* AVAILABLE RECORDS:
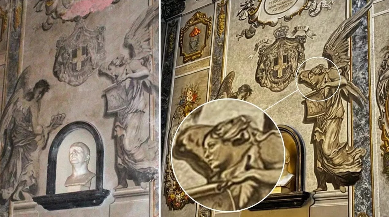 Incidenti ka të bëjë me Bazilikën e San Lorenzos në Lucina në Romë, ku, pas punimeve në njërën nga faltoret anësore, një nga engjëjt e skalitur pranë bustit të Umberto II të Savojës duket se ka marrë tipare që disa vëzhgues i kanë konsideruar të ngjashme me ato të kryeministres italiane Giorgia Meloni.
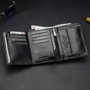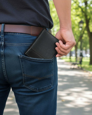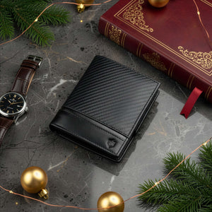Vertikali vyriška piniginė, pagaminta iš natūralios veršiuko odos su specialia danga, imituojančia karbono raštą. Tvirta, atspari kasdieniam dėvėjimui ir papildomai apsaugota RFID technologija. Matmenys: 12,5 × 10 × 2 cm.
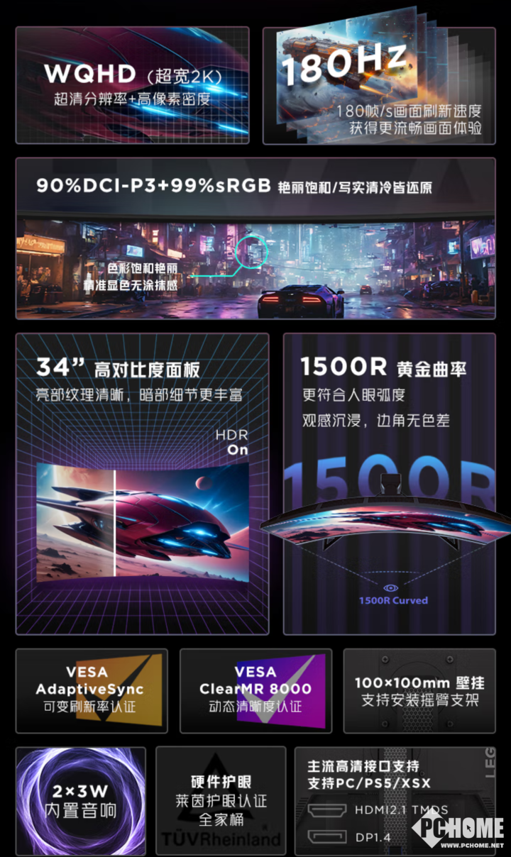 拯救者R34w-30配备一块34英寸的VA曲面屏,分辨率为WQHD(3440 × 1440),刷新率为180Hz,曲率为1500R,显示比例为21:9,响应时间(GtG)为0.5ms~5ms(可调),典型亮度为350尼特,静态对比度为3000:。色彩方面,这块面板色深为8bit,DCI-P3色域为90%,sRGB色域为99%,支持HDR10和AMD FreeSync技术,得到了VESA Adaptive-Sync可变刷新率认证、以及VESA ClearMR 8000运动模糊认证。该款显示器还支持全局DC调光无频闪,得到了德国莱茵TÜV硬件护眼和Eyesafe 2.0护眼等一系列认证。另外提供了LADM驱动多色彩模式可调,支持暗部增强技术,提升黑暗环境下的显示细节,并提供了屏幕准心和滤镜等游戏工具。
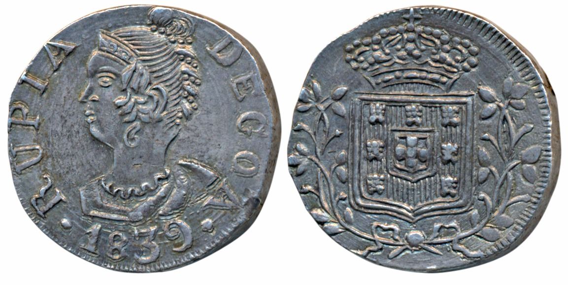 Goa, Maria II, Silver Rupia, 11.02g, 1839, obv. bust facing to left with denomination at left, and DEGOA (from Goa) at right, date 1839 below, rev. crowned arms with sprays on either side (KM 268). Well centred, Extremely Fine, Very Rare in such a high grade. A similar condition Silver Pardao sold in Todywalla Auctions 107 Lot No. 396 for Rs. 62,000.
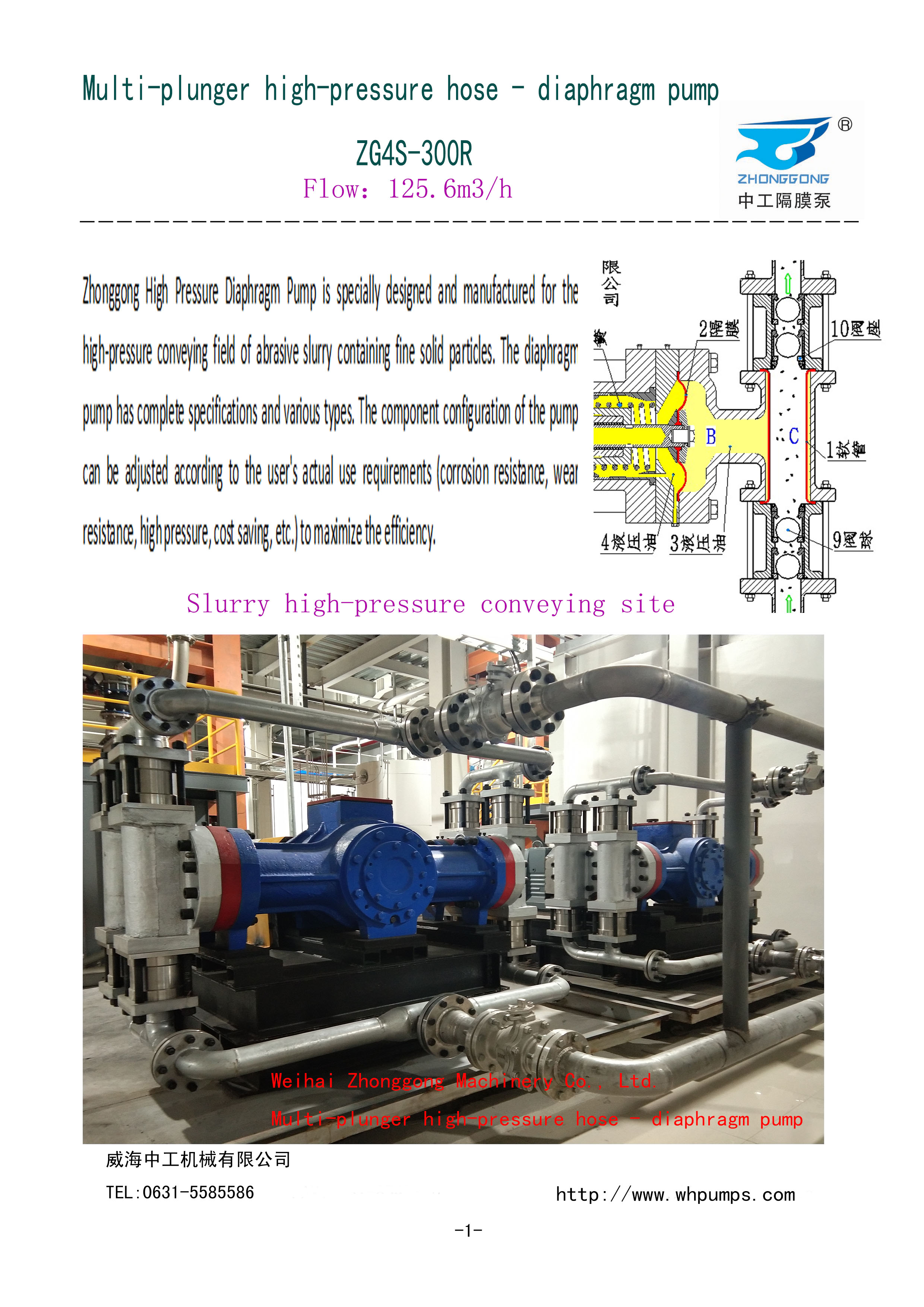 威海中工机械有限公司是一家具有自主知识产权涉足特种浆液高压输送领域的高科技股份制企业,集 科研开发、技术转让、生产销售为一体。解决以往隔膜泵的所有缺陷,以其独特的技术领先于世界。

* PROBLEM STATEMENT: Reproduce only the lines from the first line of the listing above up to and including the line that holds "Vertikali vyriška piniginė, pagaminta". Omit the pictures.

* THE ANSWER:
 Incidenti ka të bëjë me Bazilikën e San Lorenzos në Lucina në Romë, ku, pas punimeve në njërën nga faltoret anësore, një nga engjëjt e skalitur pranë bustit të Umberto II të Savojës duket se ka marrë tipare që disa vëzhgues i kanë konsideruar të ngjashme me ato të kryeministres italiane Giorgia Meloni.
Vertikali vyriška piniginė, pagaminta iš natūralios veršiuko odos su specialia danga, imituojančia karbono raštą. Tvirta, atspari kasdieniam dėvėjimui ir papildomai apsaugota RFID technologija. Matmenys: 12,5 × 10 × 2 cm.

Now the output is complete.